7. The execution and delivery by the Company of each of the Transaction Documents and the
consummation of the transactions contemplated thereby, including the issuance and sale of the
Securities, will not (i) conflict with the charter or the by-laws of the Company; (ii) constitute a
violation of, or a breach or default under, or result in the creation or imposition of any lien,
charge or encumbrance upon any property or assets of the Company or any of its Significant
Subsidiaries pursuant to the terms of any Applicable Contract; or (iii) violate or conflict with,
or result in any contravention of, any Applicable Law.
8. To the knowledge of such counsel, except as described in the Preliminary Prospectus and the
Prospectus, there are no legal, governmental or regulatory investigations, actions, suits or
proceedings pending to which the Company or any of
its Significant Subsidiaries is a party or to which any property of the Company or any of its
Significant Subsidiaries is the subject which, individually or in the aggregate, would
36
reasonably
be expected to have a Material Adverse Effect; and, to the knowledge of such counsel, no such
investigations, actions, suits or proceedings are threatened or contemplated by any governmental or
regulatory authority or threatened by others.

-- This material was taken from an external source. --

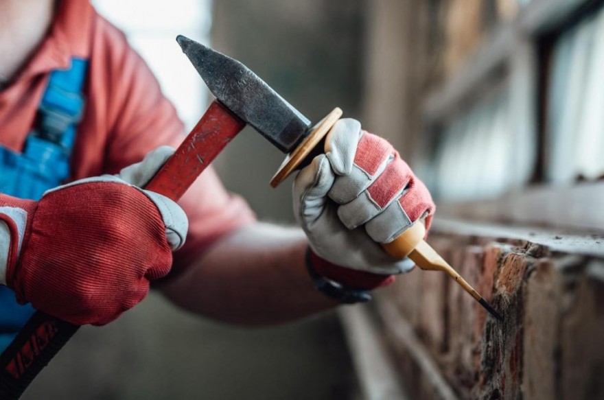 Skuwanie tynku za pomocą młotka i przecinaka

9. The Company has all requisite corporate power and authority to perform its obligations
under the Transaction Documents.
For purposes of the foregoing:
“Applicable Contract” means those agreements and instruments filed as exhibits to the
Company’s Annual Report on Form 10-K for the fiscal year ended February 26, 2010 and all subsequent
reports which have been filed by the Company with the Commission under the Exchange Act.
“Applicable Law” means those laws, rules and regulations of the State of Michigan and the
federal laws of the United States of America, in each case, which, in the experience of such
counsel, are normally applicable to transactions of the type contemplated by the Transaction
Documents (other than the United States federal securities laws, state and foreign securities or
blue sky laws and antifraud laws).
In rendering such opinion, such counsel may rely as to matters of fact on certificates of
responsible officers of the Company and public officials that are furnished to the Underwriters.